You can consider using command execution delay to test/try/understand if there is a timing issue in your zwave network. See: 2nd part of this article:


#31

Thank you for the suggestion. I can experiment with this.

Do you have any more suggestions for additional log information I can collect to help us understand where the problem is? If not, I’m going to disable logging, leaving it on seems to be causing some performance issues.

I am a developer so I understand how frustrating problems like this can be. I see two important clues:

  • Commands from the Hubitat web interface, ActionTiles or Echo all work. In the failed state, commands from WebCoRE appear to be happening as intended and are logged by Hubitat but they don’t change the device state. No errors are logged, there is just an absence of acknowledgment. Question: what is different about the WebCoRE command?
  • The problem is resolved by making a minor adjustment (pause/resume, change logging level, save unchanged) to the piston. Question: What do these minor actions do to the piston that could explain the fix?

#32

I didn’t read the whole thread but have you tried disabling command optimization? This will force webcore to send the command to the device no matter what wc thinks the device state is.


#33

I haven’t but the WebCoRE logs show that command optimization is not in play in this failure. The command is being invoked. I see that in WebCoRE logs and HE device event logs.

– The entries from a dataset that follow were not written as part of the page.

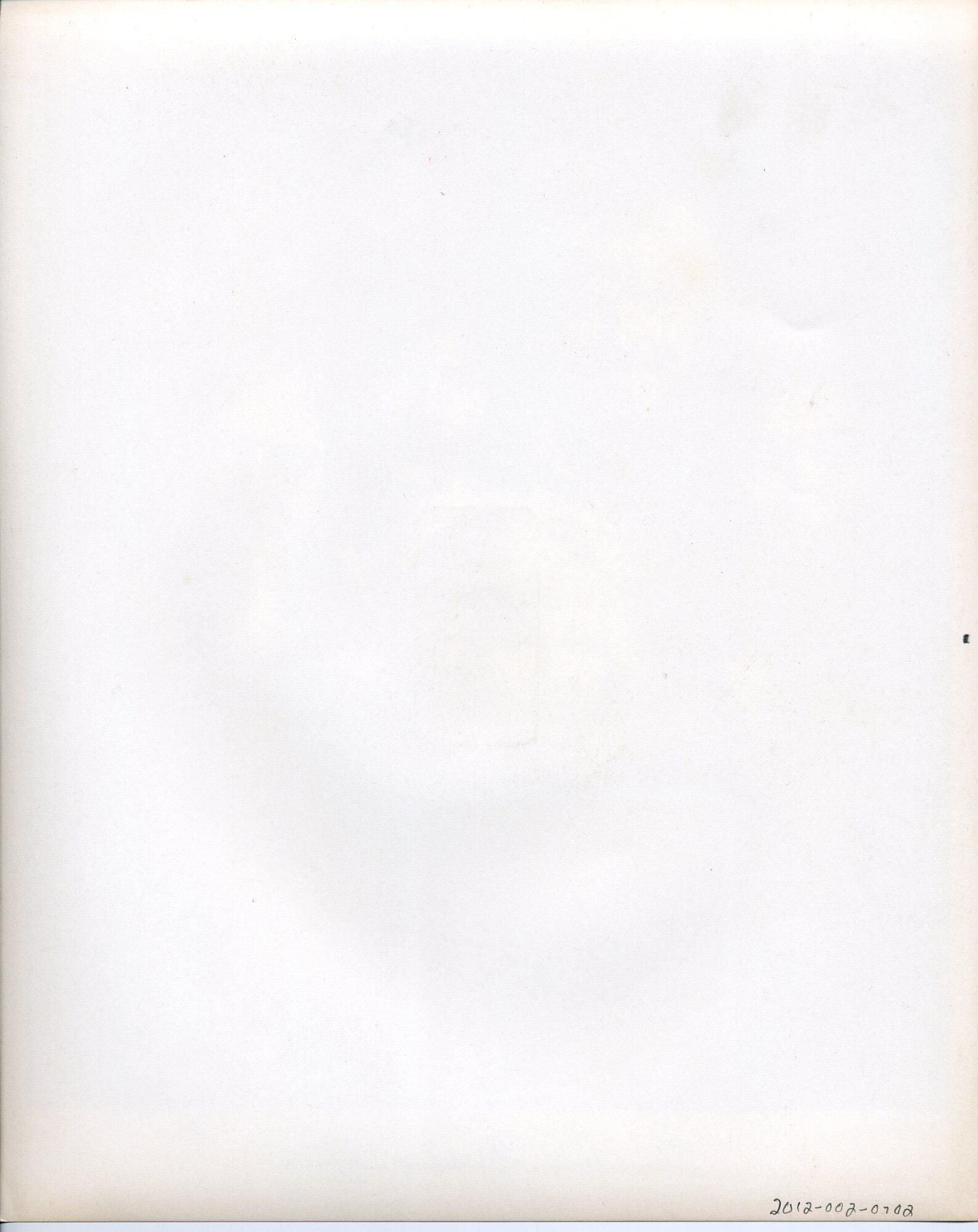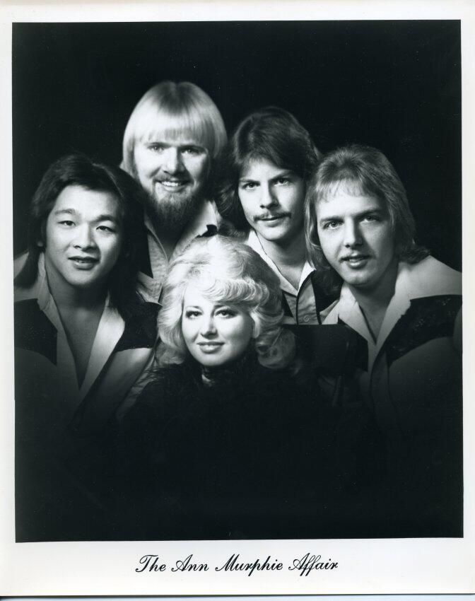 Black and white photo of five individuals from the Ann Murphie Affair musical group. In the foreground is a woman with blond hair and wearing a dark garment. Behind her on the left is a woman with dark hair and wearing a black and white garment open at the collar. Next is a man with blond hair and a mustache and beard. He has on a light colored shirt open at the collar. Next is a man with dark hair and a mustache. He has on a black and white shirt open at the collar. On the right is a man with dark hair who has on a black and white shirt open at the collar. The background is black. There is a white border on all sides with the bottom border being larger. In the bottom border is printed in black ink "The Ann Murphie Affair". There is no information on the back.Made/Created
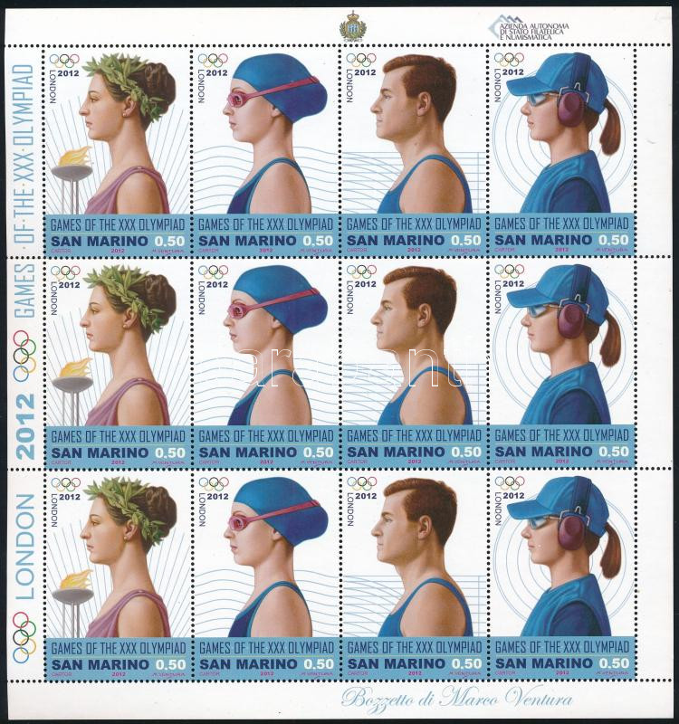 2012 Londoni olimpia ív Mi 2525-2528 https://www.darabanth.com/hu/515-Filatelia-kepeslap-numizmatika-mutargy-konyv-papirregiseg-ekszer-aukcio/518.0/Kulfoldi-filatelia-es-postatortenet/San-Marino~498/2012-Londoni-olimpia-iv-Mi-2525-2528~II3488579
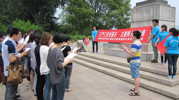 最后,在周恩來總理銅像廣場前,全體黨員一起重溫了入黨誓詞;全體教師集體宣讀了《高等學(xué)校教師職業(yè)道德規(guī)范》,誓以“愛國守法,敬業(yè)愛生,教書育人,嚴(yán)謹(jǐn)治學(xué),服務(wù)社會(huì),為人師表”24個(gè)字的職業(yè)道德規(guī)范為準(zhǔn)繩,做一名好老師。
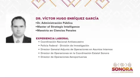 Víctor Hugo Enríquez García es doctor en Administración Pública con maestría en Ciencias Penales. Además, ha trabajado en la Coordinación Nacional Antisecuestro y en la Policía Federal, específicamente en la División de Investigación.
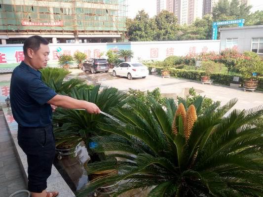6月23日下午,位于市区太昊路的市疾控中心院内,两名工作人员正在对所栽花木进行浇灌,其中,在办公楼门前两侧摆放的10多棵铁树苍绿茂盛,有3棵1米多高的铁树开出的淡黄色呈圆柱状的花在绿叶中显得尤为耀眼,并且开的都是双花。
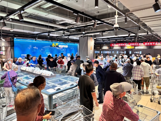 生鮮板塊強(qiáng)化源頭管控與品質(zhì)溯源。安格斯牛肉、潮汕牛肉、本地優(yōu)質(zhì)肉禽等豐富蛋白源同臺(tái)亮相;海鮮區(qū)實(shí)現(xiàn)“24小時(shí)鮮活到店”,梭子蟹、鲅魚、三文魚等組成豐富水產(chǎn)矩陣;來(lái)自新疆、云南等地的特色水果通過(guò)高效物流實(shí)現(xiàn)72小時(shí)內(nèi)從產(chǎn)地到貨架。
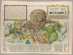 当時の慶應大学の学生が描いた反ロシアの地図には、ロシアがタコの姿で描かれている。

I suspect the failure is further down the Zigbee stack on Hubitat or possibly at the device but somehow the fault originates with WebCoRE because the device is still controllable from other apps and the problem is fixed by tapping WebCoRE.


#34

I have tried disabling command optimization and this has improved things. It appears that the failure is related to the combination of command optimization and my habit of using Set Level without first Turn On to turn on lights.
I believe the failure scenario starts when a light fails to respond (for spontaneous reasons unknown) to a Set Level attempting to turn it on. Despite this, the light state remains “off”. Attempts to turn off the light then do nothing because of command optimization. A Turn On or Turn Off command can make the bulb responsive again to Set Level and so with command optimization disabled, the Trun Off command is sent and there is recovery.